• **TASK**: In the listing below, find the line containing "V přízemí se" and the line containing "geçip Divin kapısından". Repeat exactly those two lines and every line between them.
[RAW DATA]
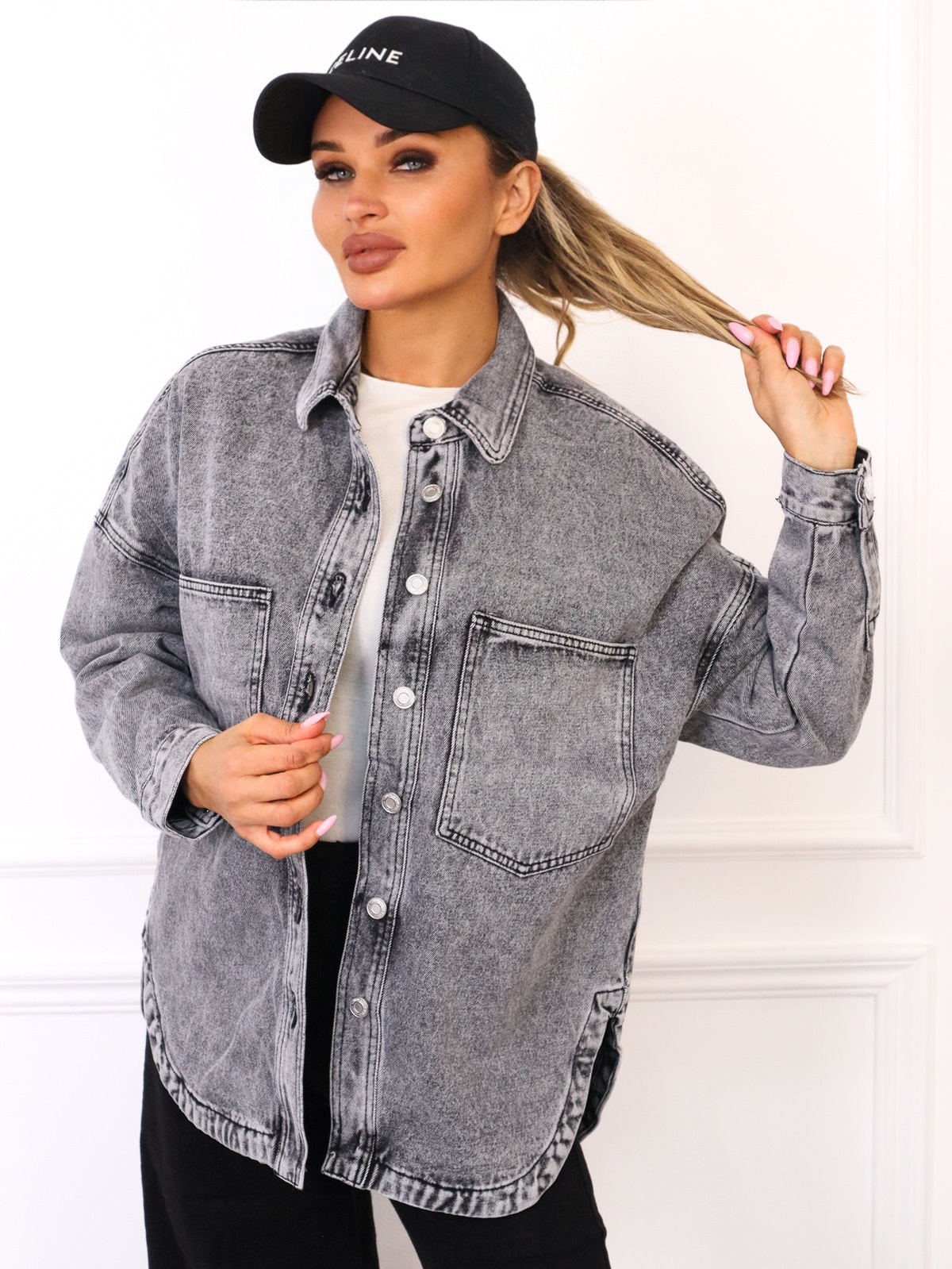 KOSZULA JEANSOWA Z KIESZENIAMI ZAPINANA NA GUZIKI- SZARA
[/RAW DATA]
[RAW DATA]
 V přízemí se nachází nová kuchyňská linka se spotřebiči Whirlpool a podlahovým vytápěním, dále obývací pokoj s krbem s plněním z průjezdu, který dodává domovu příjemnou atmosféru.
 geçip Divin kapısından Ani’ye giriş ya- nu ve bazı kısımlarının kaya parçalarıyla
[/RAW DATA]
[RAW DATA]
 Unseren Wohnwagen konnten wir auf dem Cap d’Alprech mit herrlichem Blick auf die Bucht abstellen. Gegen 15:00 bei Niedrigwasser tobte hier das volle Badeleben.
[/RAW DATA]
• **RESPONSE BOX**:
 V přízemí se nachází nová kuchyňská linka se spotřebiči Whirlpool a podlahovým vytápěním, dále obývací pokoj s krbem s plněním z průjezdu, který dodává domovu příjemnou atmosféru.
 geçip Divin kapısından Ani’ye giriş ya- nu ve bazı kısımlarının kaya parçalarıyla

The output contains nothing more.